Best Practices¶

Profiling gives you amazing insight into your program. What you think is slow is almost never what is actually slow. Below are some best practices to help unlock this power.

Start With Realistic Runs¶

When profiling data-heavy work, start with a smaller sample of the data instead of the full dataset. Profile a portion first (for example 1% or 10%). It is faster, easier to understand, and often enough to find the main bottleneck. Once you have a likely fix, validate it with a larger and more realistic workload so you know the result still holds in context. Run the same profile more than once and warm up before you measure so one-time startup work does not dominate the report.

Choose The Right Measurement Mode¶

Pick the measurement mode based on the question you are asking. Use WALL_TIME for end-to-end latency, PROCESS_TIME for CPU-focused work, and ALLOCATIONS when object churn is the concern. See Measurement Mode for details.
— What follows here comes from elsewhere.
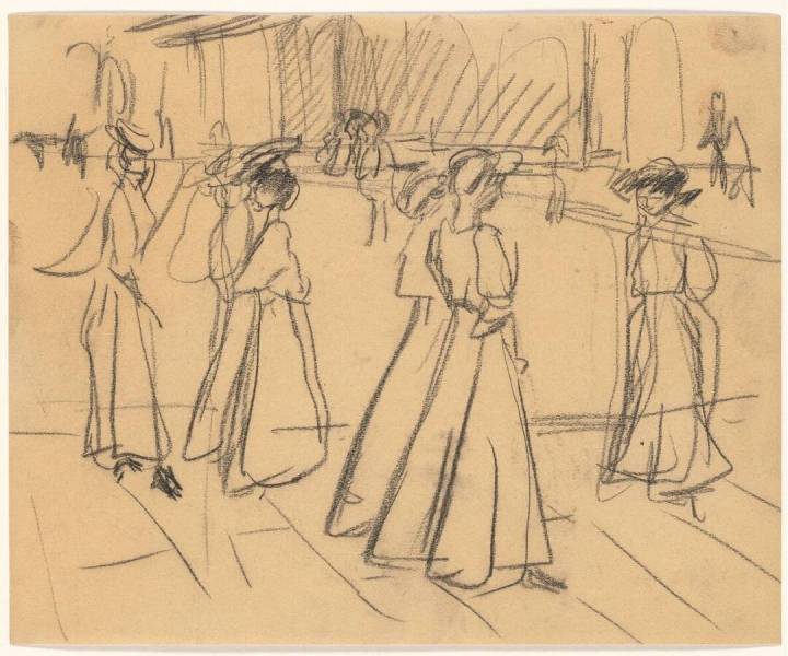 Flanerende vrouwen op de Place Vendôme, Parijs, 1904-1908

Reduce Noise Before Deep Analysis¶

When framework internals or concurrency noise dominate output, narrow the scope first. Use exclude_common or explicit method exclusions, and use thread filtering (include_threads / exclude_threads) when needed. For highly concurrent workloads, merging worker results (merge! or Rack merge_fibers: true) can make trends much easier to read. See Profiling Options, Method Exclusion, and Merging Threads and Fibers.
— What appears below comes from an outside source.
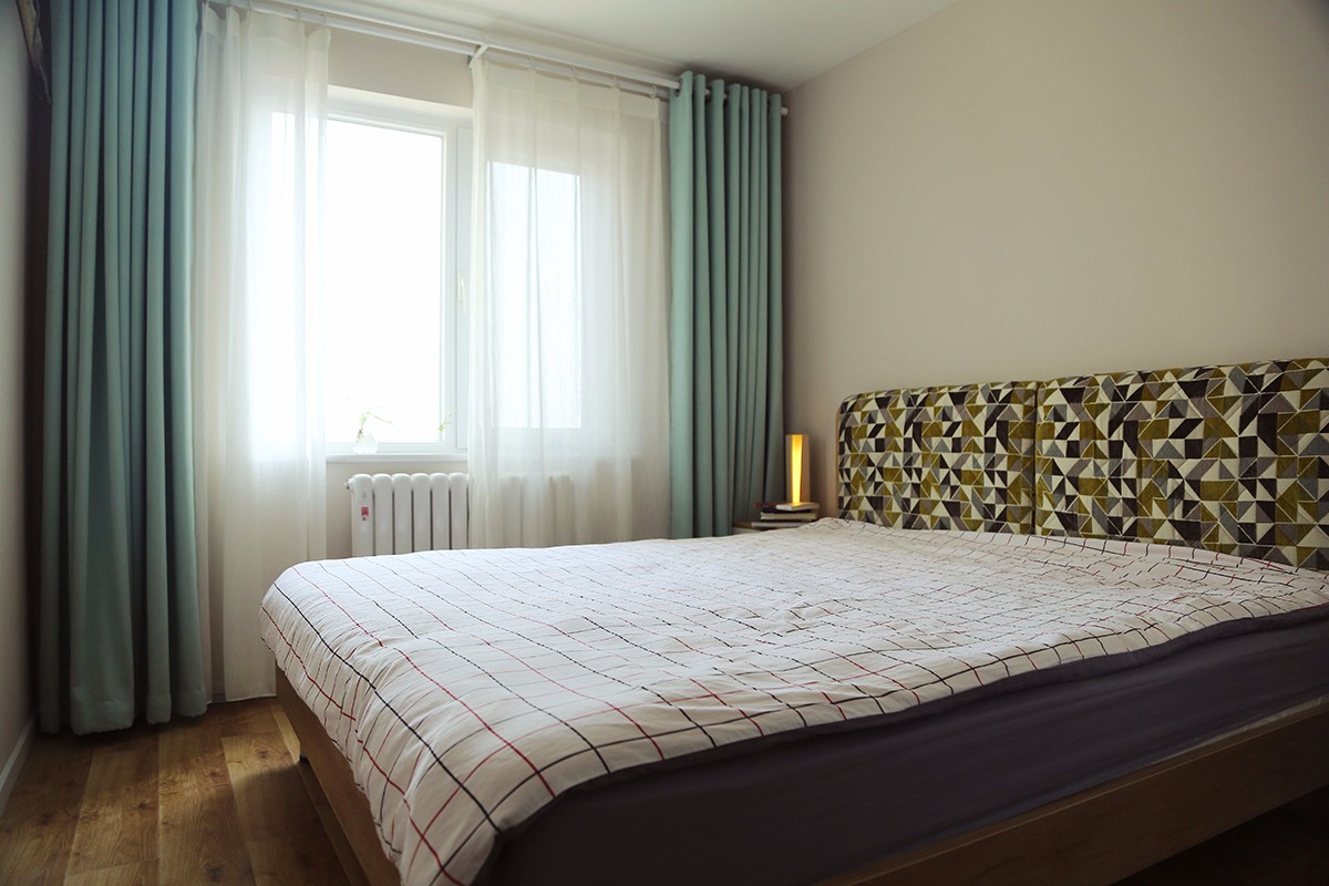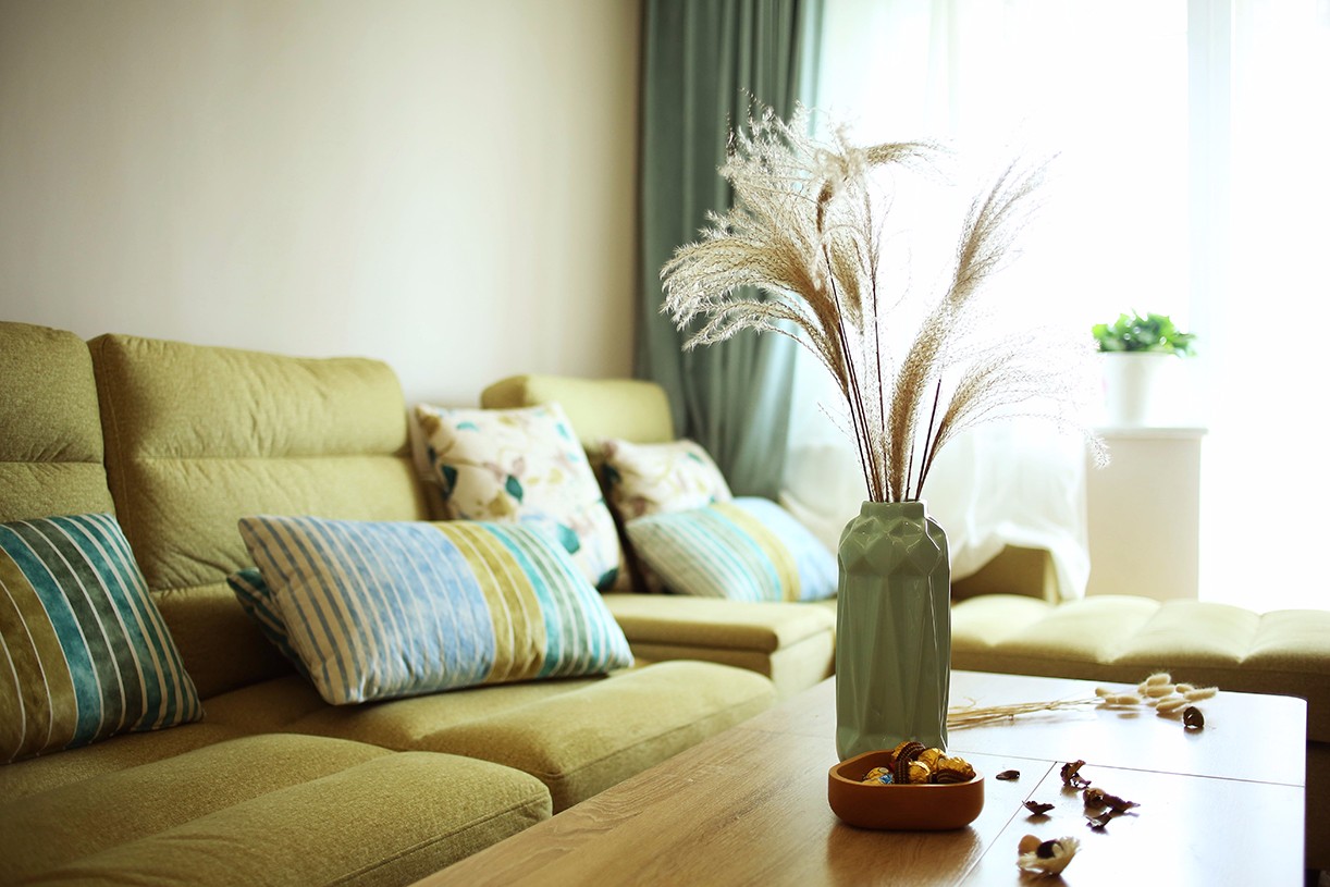 大面积的暖色里介入部分蓝绿,调和整体空间冷暖。

Use Reports In A Sequence¶

Start with a quick summary, then drill down. In practice, this usually means using FlatPrinter to find hotspots, GraphHtmlPrinter (or GraphPrinter) to understand caller/callee relationships, and FlameGraphPrinter to validate dominant paths visually. See Reports, especially Creating Reports and Report Types.

Use Threshold Filters Early¶

Threshold filters are one of the fastest ways to make a large profile readable. Start with min_percent to hide low-impact methods in most printers. For GraphHtmlPrinter, use min_time when you want to drop methods below an absolute time cutoff. These filters help you focus on the code that actually moves total runtime.

Compare Trends, Not Single Snapshots¶

Do not optimize based on one run unless the signal is overwhelming. Compare before/after profiles under the same workload, then prioritize repeated hot paths over one-off spikes.